Отец смотрел на нее с восторженной улыбкой:
— Господь прибирает.
— Ты что-то уронила? — спросила миссис Лэм.
— Да, — Мэри уже начала приходить в себя. Она невидящими глазами уставилась на ковер. — Сейчас-сейчас, — бормотала она. — Булавку.
— Жаль, что я уже не могу нагнуться так, как в молодости. А вот и наш сынок, как черт из табакерки. Чарльз, помоги-ка сестре. Она обронила булавку.
Чарльза удивило, что его встретили сравнением с чертом.
— Куда ж ты ее положила, милая?
Мэри отрицательно качнула головой:
— Никуда. — Она уцепилась за руку брата, и он помог ей подняться на ноги. — Я ошиблась. Все в полном порядке.
— Только что приходил мистер Айрленд, — многозначительно, как ей самой казалось, произнесла миссис Лэм.
— Да? Отчего ж он не остался?
— Мэри разговаривала с ним на крыльце.
— У него дела, мама, — объяснила Мэри, все еще опираясь на руку брата.

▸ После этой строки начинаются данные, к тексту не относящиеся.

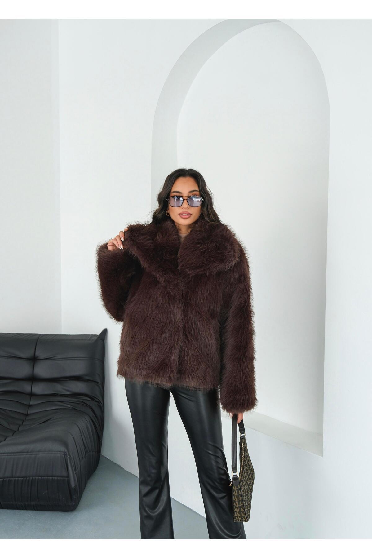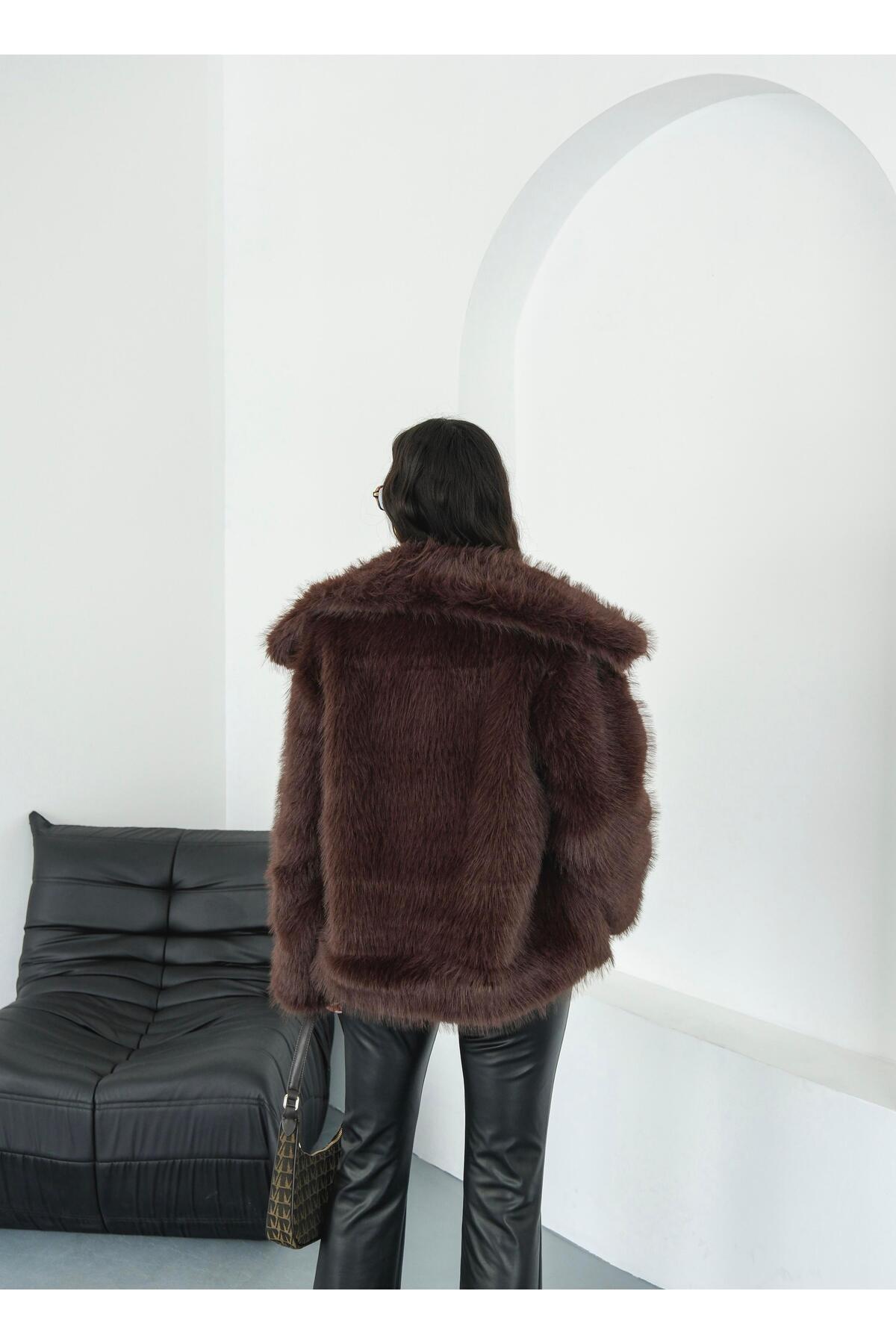 Luna Acı Kahve Oversize Kürk Ceket Luna Acı Kahve Oversize Kürk Ceket MA260001 L

— Он, видимо, человек очень занятой, — заметил Чарльз.
* * *
На самом деле Чарльз начал испытывать зависть к Уильяму. За месяц редактор «Вестминстер уордз» опубликовал в журнале целых два эссе Айрленда: «Юмор в „Короле Лире“» и «Игра слову Шекспира». Кроме того, ему же было предложено написать серию очерков на тему: «Шекспировские персонажи». Между тем эссе самого Чарльза о трубочистах все еще ждало публикации; правда, Мэтью Ло попросил его написать вторую часть — о столичных нищих, только не об убогих или растленных, а о самых колоритных и чудаковатых. Чарльзу, однако, пока что довелось встретить всего двух-трех таких персонажей: карлика, что просит подаяния на углу Грейз-Инн-лейн и Теобальд-роуд, — время от времени этот уродец принимается шнырять между лошадьми, стараясь их испугать; а еще лысую женщину, что кувыркается на голой земле у собора Сент-Джайлз, чтобы получить хотя бы полпенса. Впрочем, Чарльз не был уверен, что эти два представителя низов способны подвигнуть его на глубокие размышления о жизни лондонских босяков.